Electron micrograph of a natural bacterial population, showing a range of size and morphology
The collection of all the alleles of all of the genes found within a freely interbreeding population is known as the gene pool of the population. Each member of the population receives its alleles from other members of the gene pool (its parents) and passes them on to other members of the gene pool (its offspring). Population genetics is the study of the variation in alleles and genotypes within the gene pool, and how this variation changes from one generation to the next.
Factors influencing the genetic diversity within a gene pool include population size, mutation, genetic drift, natural selection, environmental diversity, migration and non-random mating patterns. The Hardy-Weinberg model describes and predicts a balanced equilibrium in the frequencies of alleles and genotypes within a freely interbreeding population, assuming a large population size, no mutation, no genetic drift, no natural selection, no gene flow between populations, and random mating patterns.

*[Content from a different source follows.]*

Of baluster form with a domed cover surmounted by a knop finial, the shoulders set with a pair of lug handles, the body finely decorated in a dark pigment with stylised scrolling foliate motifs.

In natural populations, however, the genetic composition of a population's gene pool may change over time. Mutation is the primary source of new alleles in a gene pool, but the other factors act to increase or decrease the occurrence of alleles. Genetic drift occurs as the result of random fluctuations in the transfer of alleles from one generation to the next, especially in small populations formed, say, as the result adverse environmental conditions (the bottleneck effect) or the geographical separation of a subset of the population (the founder effect). The result of genetic drift tends to be a reduction in the variation within the population, and an increase in the divergence between populations. If two populations of a given species become genetically distinct enough that they can no longer interbreed, they are regarded as new species (a process called speciation).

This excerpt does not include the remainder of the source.